### Exercise
Please restate each line of the data that follows word for word, skipping any image.

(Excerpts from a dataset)
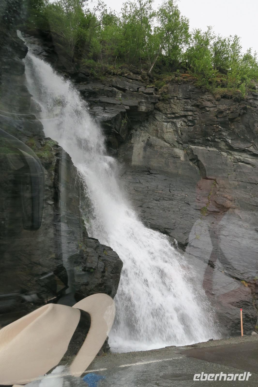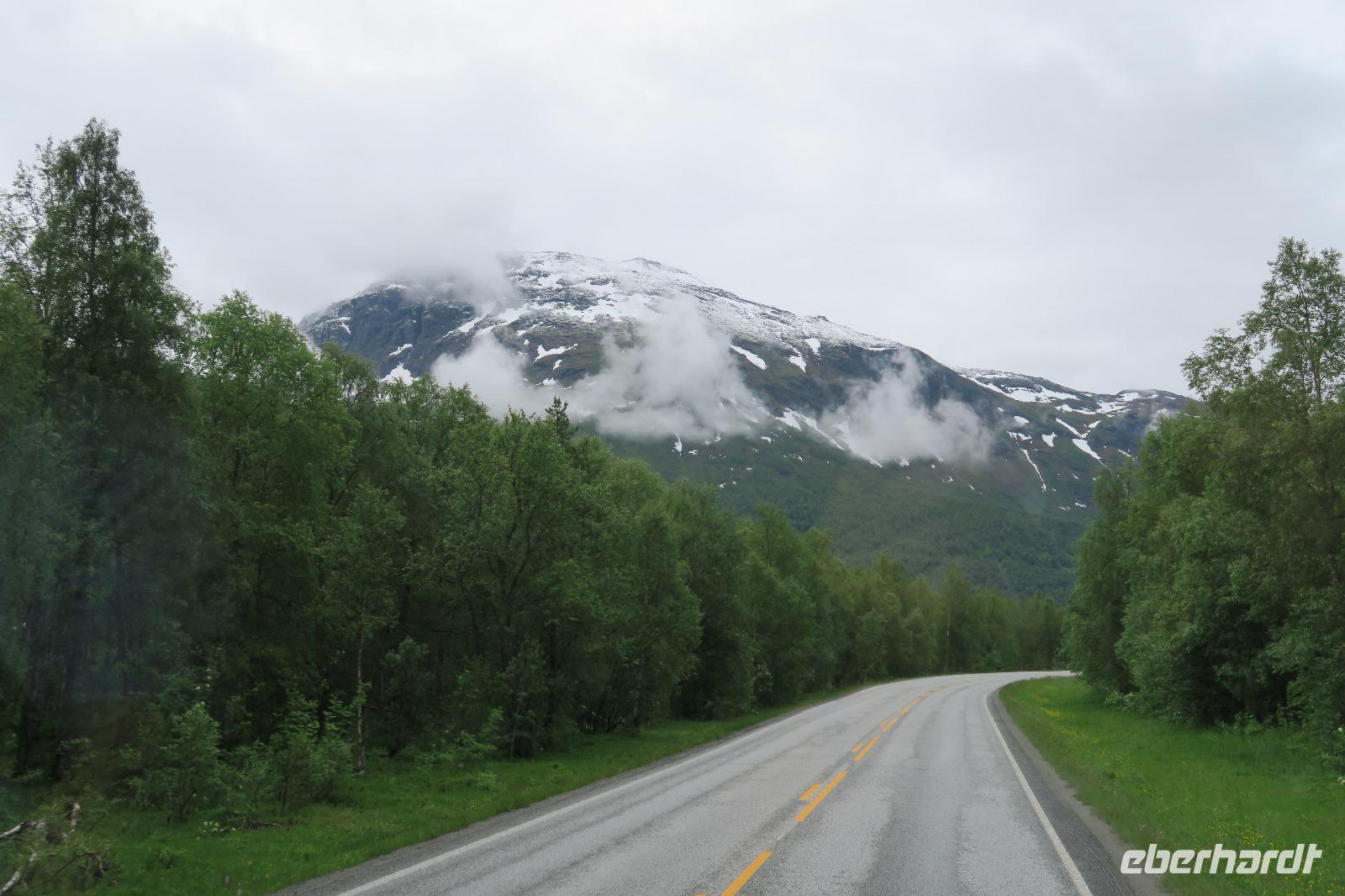 Den nächsten Halt gab es an einem Parkplatz Gildetun Hotel. Normalerweise ein traumhafter Ausblick von hier oben. Aber es war doch recht trübe und so war nicht viel zu sehen von der schönen Umgebung. Unser Hotel in Oteren „Welcome Inn Lyngskroa". Sehr ruhig und schön gelegen. Leider goss es in Strömen.
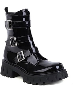 Женские ботильоны из лакированной кожи с круглым носком, молнией и шнуровкой, средней высоты каблук, плоская подошва, ручная работа, короткий голенище для женщин z38-, Black
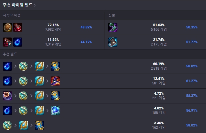 처음 시작 아이템은 도란의 방패와 포션 하나로 시작하여 첫 귀환에서 여신의 눈물을 구매한 뒤 이후 첫 코어로 영겁의 지팡이를 올려줍니다. 영겁의 지팡이를 올린 뒤 신발은 마법사의 신발, 혹은 상대 미드의 AP딜이 너무 쎄다면 버티기 위해 헤르메스를 올립니다. 이후에는 대천사의 지팡이까지 고정으로 띄워고, 그 다음에는 존야의 모래시계, 라바돈의 죽음 모자, 얼어붙은 심장 등 상황에 맞게 유동적인 템트리를 올려줍니다.
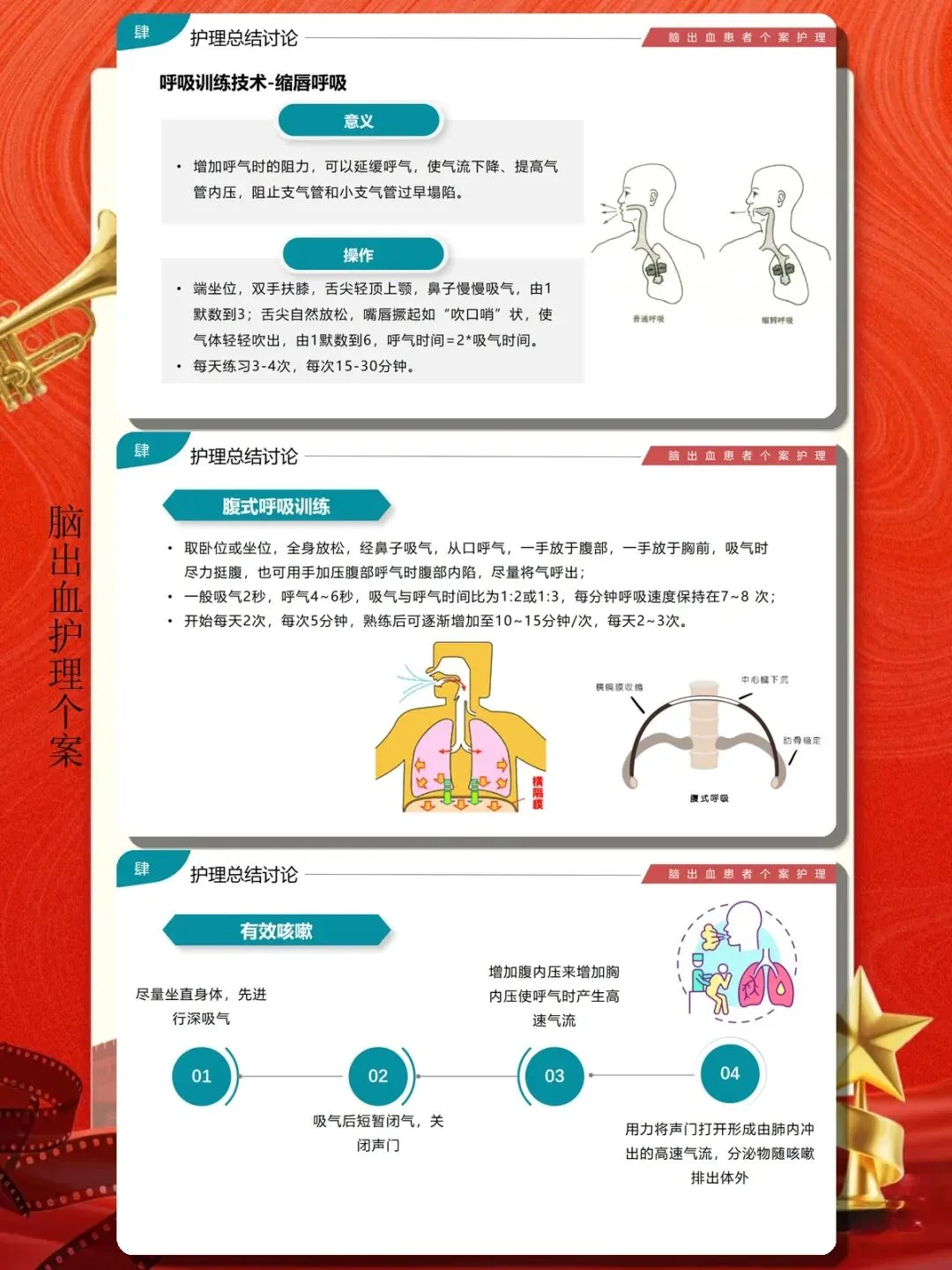 肺部感染是脑出血患者最常见的并发症之一。预防措施包括:保持病室空气清新,定期开窗通风;加强口腔护理,每日口腔清洁2-3次,保持口腔清洁湿润;定时翻身拍背,促进痰液排出,每2小时翻身一次,拍背时由下向上、由外向内叩击背部;对痰液黏稠不易咳出者,可给予雾化吸入稀释痰液;严格无菌操作,吸痰时动作轻柔,避免损伤气道黏膜。
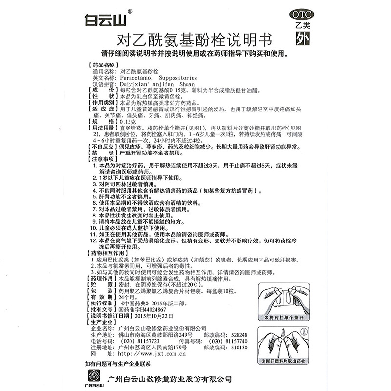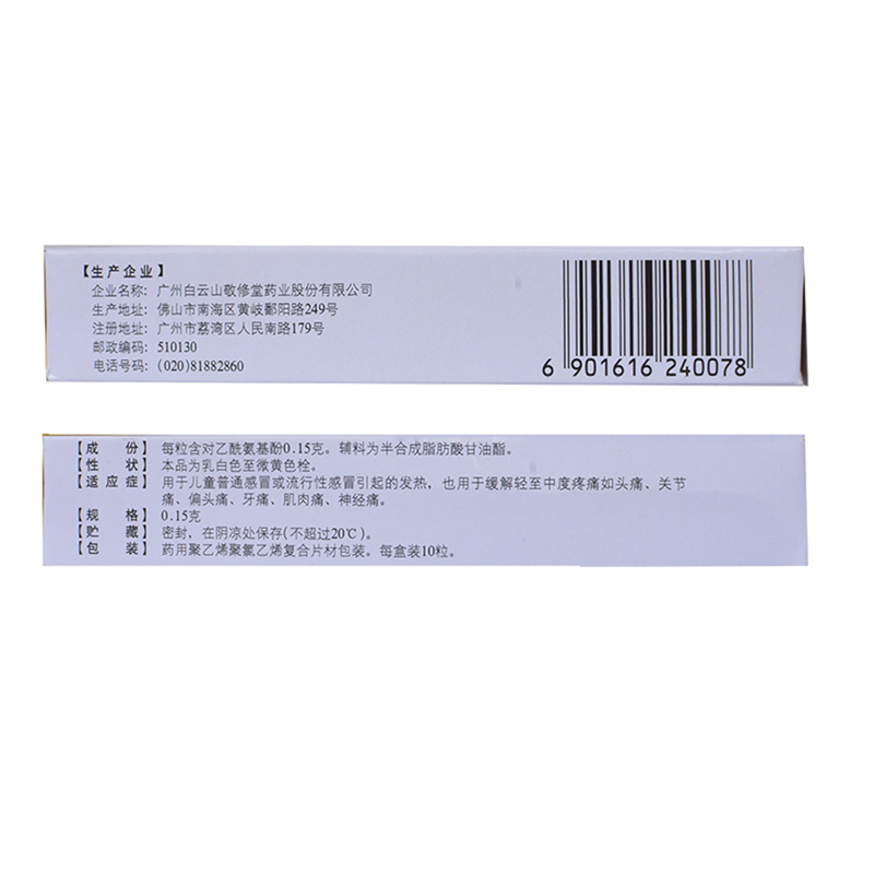 白云山 Ацетаминофенолол 0,15 г*10 капсулы/коробка HX дети простужаются
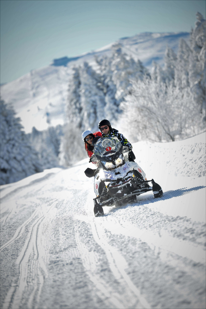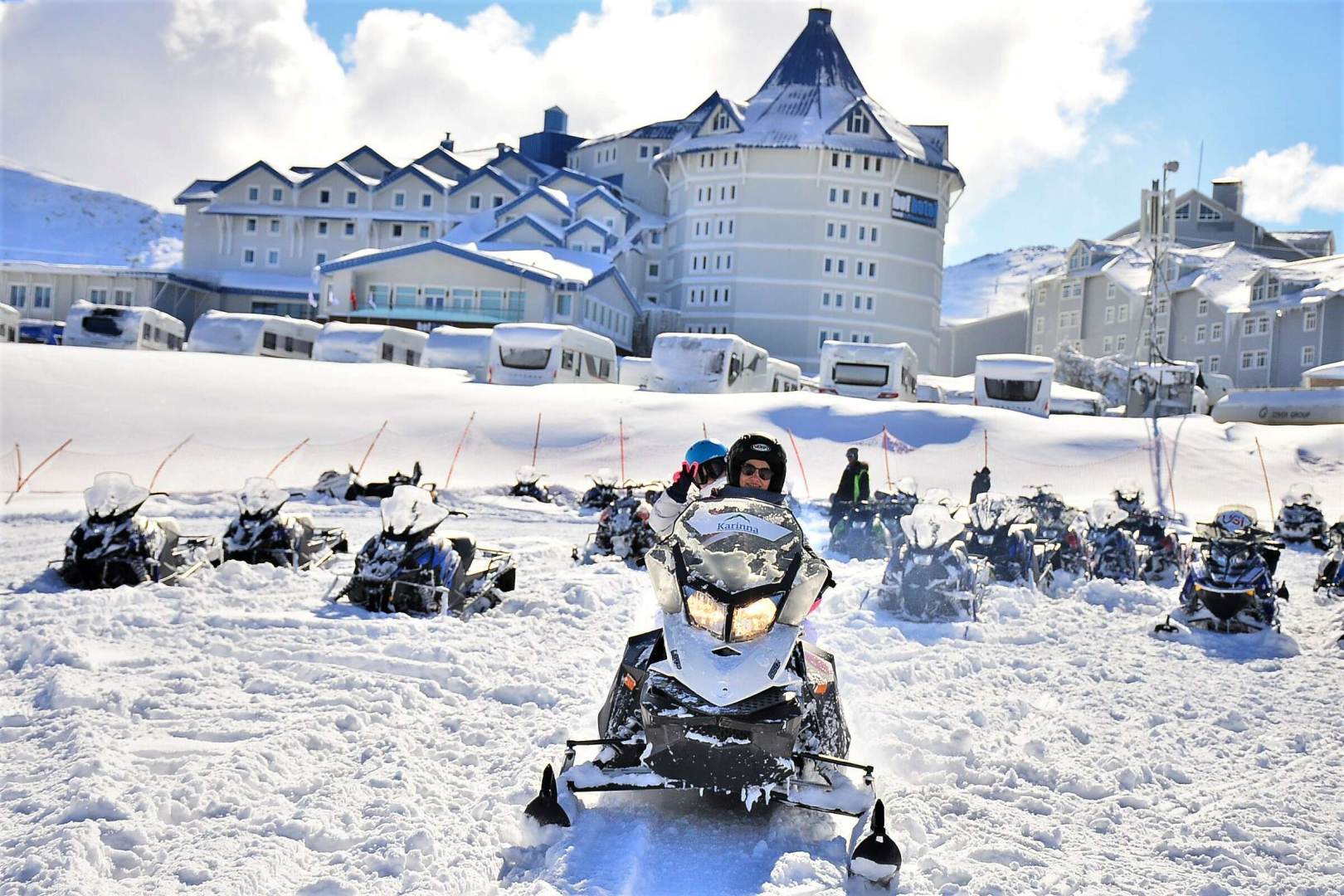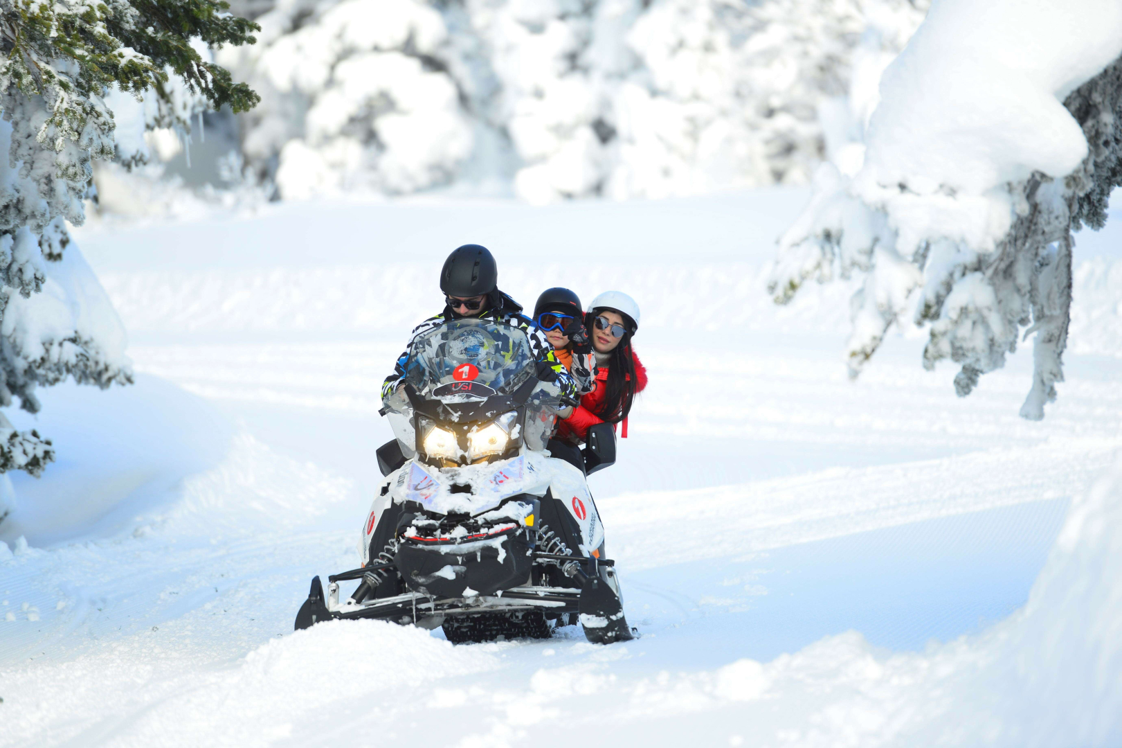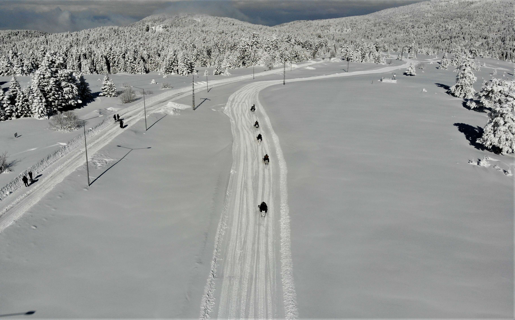 Uludağ'ın karda gidilmeyen yerlerini kar motoruyla keşfediyorlar
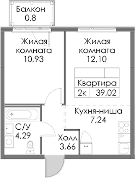 • Площадь39,02 м2
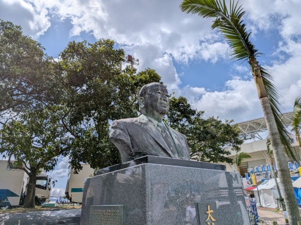 大社(おおこそ)オーナーの銅像だ。これがあるかぎり、ファイターズは名護から離れられないであろう。ここに来るまではファイターズは鳴門でキャンプしてたんですね。
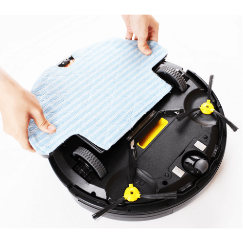 - Limpieza en húmedo. El agua se suministra automáticamente a un paño especial, lo que garantiza que se mantenga siempre húmedo. La capacidad del contenedor permite limpiar hasta 120 metros cuadrados sin cambiar el paño.

### Task answer
 Den nächsten Halt gab es an einem Parkplatz Gildetun Hotel. Normalerweise ein traumhafter Ausblick von hier oben. Aber es war doch recht trübe und so war nicht viel zu sehen von der schönen Umgebung. Unser Hotel in Oteren „Welcome Inn Lyngskroa". Sehr ruhig und schön gelegen. Leider goss es in Strömen.
 Женские ботильоны из лакированной кожи с круглым носком, молнией и шнуровкой, средней высоты каблук, плоская подошва, ручная работа, короткий голенище для женщин z38-, Black
 처음 시작 아이템은 도란의 방패와 포션 하나로 시작하여 첫 귀환에서 여신의 눈물을 구매한 뒤 이후 첫 코어로 영겁의 지팡이를 올려줍니다. 영겁의 지팡이를 올린 뒤 신발은 마법사의 신발, 혹은 상대 미드의 AP딜이 너무 쎄다면 버티기 위해 헤르메스를 올립니다. 이후에는 대천사의 지팡이까지 고정으로 띄워고, 그 다음에는 존야의 모래시계, 라바돈의 죽음 모자, 얼어붙은 심장 등 상황에 맞게 유동적인 템트리를 올려줍니다.
 肺部感染是脑出血患者最常见的并发症之一。预防措施包括:保持病室空气清新,定期开窗通风;加强口腔护理,每日口腔清洁2-3次,保持口腔清洁湿润;定时翻身拍背,促进痰液排出,每2小时翻身一次,拍背时由下向上、由外向内叩击背部;对痰液黏稠不易咳出者,可给予雾化吸入稀释痰液;严格无菌操作,吸痰时动作轻柔,避免损伤气道黏膜。
 白云山 Ацетаминофенолол 0,15 г*10 капсулы/коробка HX дети простужаются
 Uludağ'ın karda gidilmeyen yerlerini kar motoruyla keşfediyorlar
 • Площадь39,02 м2
 大社(おおこそ)オーナーの銅像だ。これがあるかぎり、ファイターズは名護から離れられないであろう。ここに来るまではファイターズは鳴門でキャンプしてたんですね。
 - Limpieza en húmedo. El agua se suministra automáticamente a un paño especial, lo que garantiza que se mantenga siempre húmedo. La capacidad del contenedor permite limpiar hasta 120 metros cuadrados sin cambiar el paño.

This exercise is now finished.